Convert date to float for linear regression on Pandas data frame
get date as floating point year
I prefer a date-format, which can be understood without context. Hence, the floating point year representation.
The nice thing here is, that the solution works on a numpy
level - hence should be fast.
import numpy as np
import pandas as pd
def dt64_to_float(dt64):
"""Converts numpy.datetime64 to year as float.
Rounded to days
Parameters
----------
dt64 : np.datetime64 or np.ndarray(dtype='datetime64[X]')
date data
Returns
-------
float or np.ndarray(dtype=float)
Year in floating point representation
"""
year = dt64.astype('M8[Y]')
# print('year:', year)
days = (dt64 - year).astype('timedelta64[D]')
# print('days:', days)
year_next = year + np.timedelta64(1, 'Y')
# print('year_next:', year_next)
days_of_year = (year_next.astype('M8[D]') - year.astype('M8[D]')
).astype('timedelta64[D]')
# print('days_of_year:', days_of_year)
dt_float = 1970 + year.astype(float) + days / (days_of_year)
# print('dt_float:', dt_float)
return dt_float
if __name__ == "__main__":
dates = np.array([
'1970-01-01', '2014-01-01', '2020-12-31', '2019-12-31', '2010-04-28'],
dtype='datetime64[D]')
df = pd.DataFrame({
'date': dates,
'number': np.arange(5)
})
df['date_float'] = dt64_to_float(df['date'].to_numpy())

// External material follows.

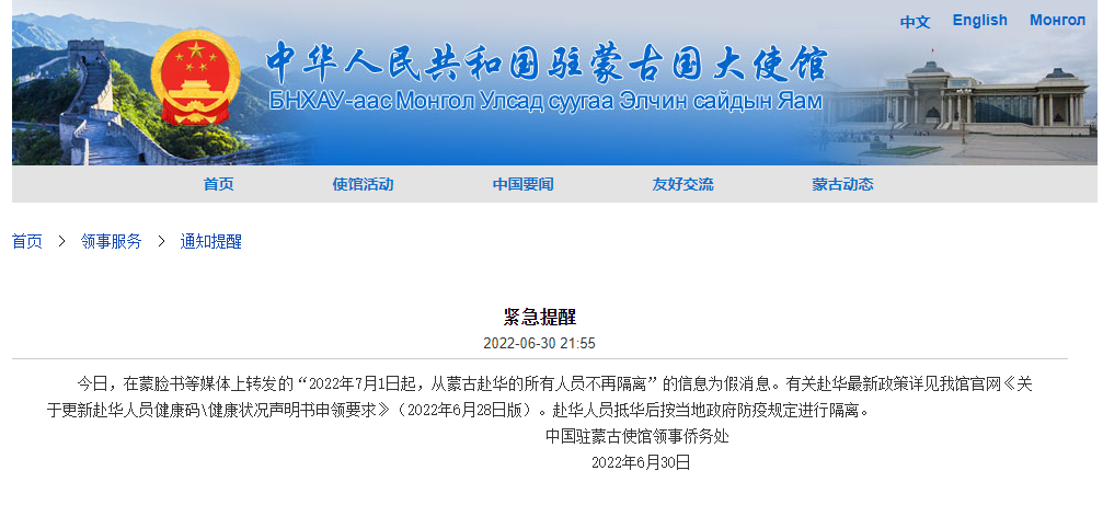 據(jù)中國駐蒙古國使館官網(wǎng)消息,6月30日,在蒙臉書等媒體上轉(zhuǎn)發(fā)的“2022年7月1日起,從蒙古赴華的所有人員不再隔離”的信息為假消息。
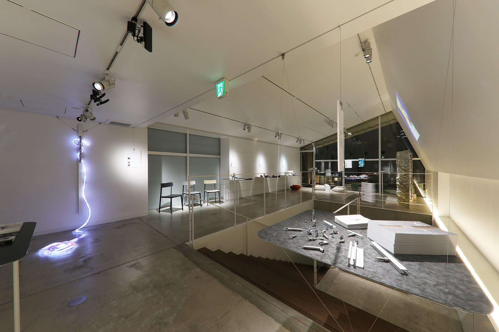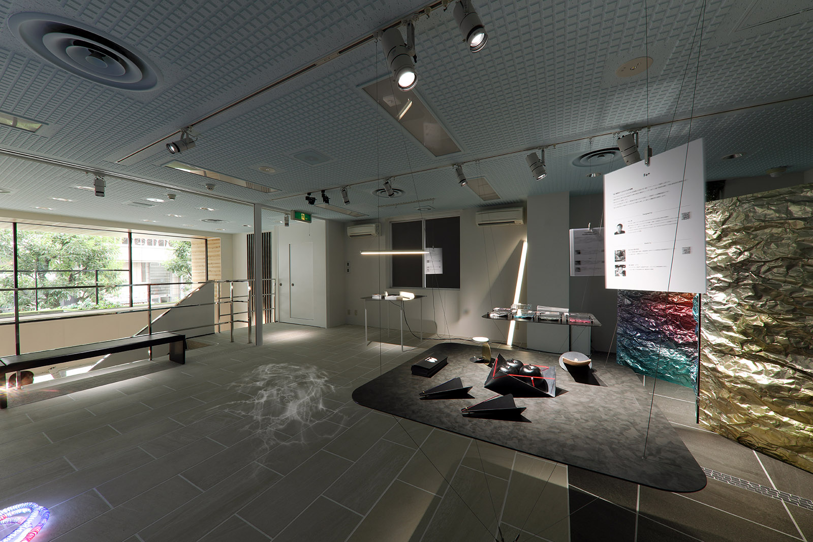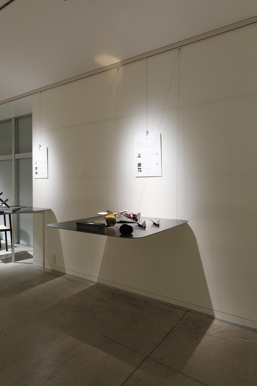 展示作品に自然と視線が集まるよう、展示台の存在感を極限まで抑えました。厚さ4mmのアルポリックを用いた天板に、荒川技研工業のワイヤーシステムを組み合わせることで、展示台自体が宙に浮かんでいるような軽やかな印象を実現。照明にはTIL社製の高品質な日本製照明を使用し、作品の魅力を繊細に引き立てました。機能と美しさを両立した、静謐で集中力の高まる展示空間です。

print('df:', df, sep='\n')
print()
dt64 = np.datetime64( "2011-11-11" )
print('dt64:', dt64_to_float(dt64))
output
df:
date number date_float
0 1970-01-01 0 1970.000000
1 2014-01-01 1 2014.000000
2 2020-12-31 2 2020.997268
3 2019-12-31 3 2019.997260
4 2010-04-28 4 2010.320548
dt64: 2011.8602739726027
For this kind of regression, I usually convert the dates or timestamps to an integer number of days since the start of the data.
This does the trick nicely:
df = pd.read_csv('test.csv')
df['date'] = pd.to_datetime(df['date'])
df['date_delta'] = (df['date'] - df['date'].min()) / np.timedelta64(1,'D')

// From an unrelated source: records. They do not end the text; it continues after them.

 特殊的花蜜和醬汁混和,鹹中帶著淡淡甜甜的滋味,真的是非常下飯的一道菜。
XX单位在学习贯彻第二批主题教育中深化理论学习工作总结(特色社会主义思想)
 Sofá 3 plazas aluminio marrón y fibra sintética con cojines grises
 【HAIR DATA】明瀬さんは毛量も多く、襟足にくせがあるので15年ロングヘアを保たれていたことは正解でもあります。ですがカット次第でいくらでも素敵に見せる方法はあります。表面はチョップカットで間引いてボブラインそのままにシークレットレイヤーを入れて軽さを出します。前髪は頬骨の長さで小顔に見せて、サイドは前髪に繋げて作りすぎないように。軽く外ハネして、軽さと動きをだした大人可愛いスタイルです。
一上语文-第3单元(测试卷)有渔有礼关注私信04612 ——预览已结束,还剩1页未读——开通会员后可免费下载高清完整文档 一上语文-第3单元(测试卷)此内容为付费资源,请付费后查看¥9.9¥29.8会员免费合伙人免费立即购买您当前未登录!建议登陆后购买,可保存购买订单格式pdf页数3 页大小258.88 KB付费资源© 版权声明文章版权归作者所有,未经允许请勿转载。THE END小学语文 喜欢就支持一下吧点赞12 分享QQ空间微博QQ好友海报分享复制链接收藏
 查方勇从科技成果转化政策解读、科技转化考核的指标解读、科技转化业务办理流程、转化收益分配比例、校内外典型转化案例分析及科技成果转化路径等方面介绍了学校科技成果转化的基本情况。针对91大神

city_data = df[df['city'] == 'London']
result = sm.ols(formula = 'sales ~ date_delta', data = city_data).fit()
The advantage of this method is that you're sure of the units involved in the regression (days), whereas an automatic conversion may implicitly use other units, creating confusing coefficients in your linear model. It also allows you to combine data from multiple sales campaigns that started at different times into your regression (say you're interested in effectiveness of a campaign as a function of days into the campaign). You could also pick Jan 1st as your 0 if you're interested in measuring the day of year trend. Picking your own 0 date puts you in control of all that.
There's also evidence that statsmodels supports timeseries from pandas. You may be able to apply this to linear models as well: http://statsmodels.sourceforge.net/stable/examples/generated/ex_dates.html
Also, a quick note: You should be able to read column names directly out of the csv automatically as in the sample code I posted. In your example I see there are spaces between the commas in the first line of the csv file, resulting in column names like ' date'. Remove the spaces and automatic csv header reading should just work.